The most important side effects of quinolones are damage to articular cartilage in young and rapidly growing animals owing to complexes forming between quinolones and magnesium (Polachek, Leibovitz & Dagan 2011). However, it is reported that quinolone-related cartilage damage is a species-specific phenomenon that is especially prevalent in primates, rats and canines (Sansone et al. 2009). Sansone et al. (2009) did not observe any cartilage damage in lambs treated with ciprofloxacin and gatifloxacin. Similarly, we did not observe any clinical side effects and/or lameness in either of the groups during the 3-week study period.
In this study, pneumonia in kids caused by mixed infections of M. haemolytica and Mycoplasma spp. was treated with one or the other of the study antibiotics. All kids survived in our study; however, two kids from the GM and three from the MR group were not totally cured and showed signs of mild pneumonia in the third week after the treatment. This may be because of delays in the initiation of the treatment, based on the normal rectal temperatures in 22 of 36 kids at the beginning of the study. Switching to other antibiotics could have been beneficial in these cases, as a range of antibiotics has been recommended for the treatment of calves with pneumonia caused by M. hemolytica, P. multocida, Mycoplasma spp. and T. pyogenes (Apley & Coetzee 2013).

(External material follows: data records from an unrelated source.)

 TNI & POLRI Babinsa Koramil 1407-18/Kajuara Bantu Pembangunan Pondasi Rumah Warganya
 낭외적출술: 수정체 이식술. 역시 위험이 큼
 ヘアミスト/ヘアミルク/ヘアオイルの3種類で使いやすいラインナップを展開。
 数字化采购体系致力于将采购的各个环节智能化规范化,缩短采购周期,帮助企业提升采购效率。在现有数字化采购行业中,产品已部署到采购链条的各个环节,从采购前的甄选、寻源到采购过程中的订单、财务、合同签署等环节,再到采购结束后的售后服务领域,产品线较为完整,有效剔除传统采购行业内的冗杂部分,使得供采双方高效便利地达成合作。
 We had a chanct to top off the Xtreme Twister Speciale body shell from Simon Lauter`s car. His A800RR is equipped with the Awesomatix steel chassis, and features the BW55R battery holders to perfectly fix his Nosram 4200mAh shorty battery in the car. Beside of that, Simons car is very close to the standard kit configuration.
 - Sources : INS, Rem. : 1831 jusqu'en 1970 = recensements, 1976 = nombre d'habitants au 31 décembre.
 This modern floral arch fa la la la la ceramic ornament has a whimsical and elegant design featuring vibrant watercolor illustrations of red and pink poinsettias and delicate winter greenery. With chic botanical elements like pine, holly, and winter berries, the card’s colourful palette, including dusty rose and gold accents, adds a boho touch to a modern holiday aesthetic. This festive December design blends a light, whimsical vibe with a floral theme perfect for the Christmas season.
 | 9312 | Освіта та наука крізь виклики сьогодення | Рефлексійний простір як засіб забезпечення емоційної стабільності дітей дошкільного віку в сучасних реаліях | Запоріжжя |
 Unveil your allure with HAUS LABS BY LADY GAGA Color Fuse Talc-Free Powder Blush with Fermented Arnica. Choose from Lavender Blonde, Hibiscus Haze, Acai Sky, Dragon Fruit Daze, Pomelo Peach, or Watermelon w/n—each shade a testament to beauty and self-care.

Despite the demonstrated efficacy of a macrolide and a quinolone in this study, and despite registration for use in food-producing animals in several countries, these medically important antibiotics, in the current drive to control resistance to antibiotics, should not be used in food-producing animals. Both macrolides and quinolones are listed by the World Health Organization as critically important antibiotics in human medicine. In this study, these antibiotics were not used to prevent disease but to treat a natural outbreak of disease, where oxytetracycline was found to be ineffective, using a single-dose at a relatively high dosage rate.
Conclusion
In conclusion, GM and MR were equally effective in the treatment of pneumonia in goat kids caused by a mixed infection of M. hemolytica and Mycoplasma spp. However, constant treatment is crucial to avoid chronicity.
Acknowledgements
This research received no specific grant from any funding agency in the public, commercial or for-profit sectors.
Competing interests
The authors declare that they have no financial or personal relationships that may have inappropriately influenced them in writing this article.
Authors’ contributions
H.B. designed the study. Clinical observation and data collection in the field was done by H.B, Y.K. and O.E.Y. conducted the microbiological examination of the samples. Z.M. assisted with data analysis and concept of the article. All authors contributed in writing the manuscript and approved the final version.